Perhaps the greatest buzz surrounds a technique called adoptive cell therapy. This involves removing immune cells from the patient’s body and re-engineering them into chimeric antigen receptor T-cells able to hunt and destroy tumours. Novartis is at the forefront with its CART-19 leukaemia treatment but others are crowding in.

Investment targets immune system

A range of different approaches falls under the umbrella of immuno-oncology. The common factor is that they all involve enhancing the ability of the immune system to identify and destroy cancer cells.

Scientists often describe these techniques as applying an accelerator to the immune system, or removing the brakes that normally hold it back. Of the various types of immunotherapy, two are causing the greatest excitement.

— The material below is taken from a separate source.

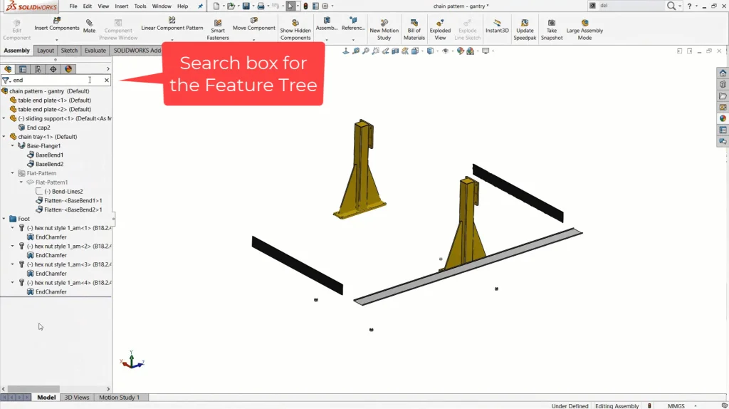 You can organize with folders, and even rename features. Doing this will enable you to leverage one of its most powerful functions, the search function. At the top of the FeatureManager Design Tree (shortened to Feature Tree) there is a search bar that automatically filters the tree as you type.

The first aims to disable the “immune checkpoints” that deter disease-fighting T cells from attacking tumours. These checkpoints are designed to prevent the immune system killing healthy cells. But they are exploited by cancer to avoid detection.

The second area attracting heavy investment is adoptive cell therapy. This involves removing T cells from the patient’s body and modifying them in a laboratory with chimeric antigen receptors.

Once reinfused in the blood, these genetically engineered CAR-T cells proliferate into a cancer-hunting army that targets proteins on the surface of tumour cells.

This technique has produced impressive results against leukaemia and other blood cancers in early trials of drugs from Novartis, Juno and Kite. But their potential in solid tumours remains unproven and the great potency of the therapies also brings safety risks.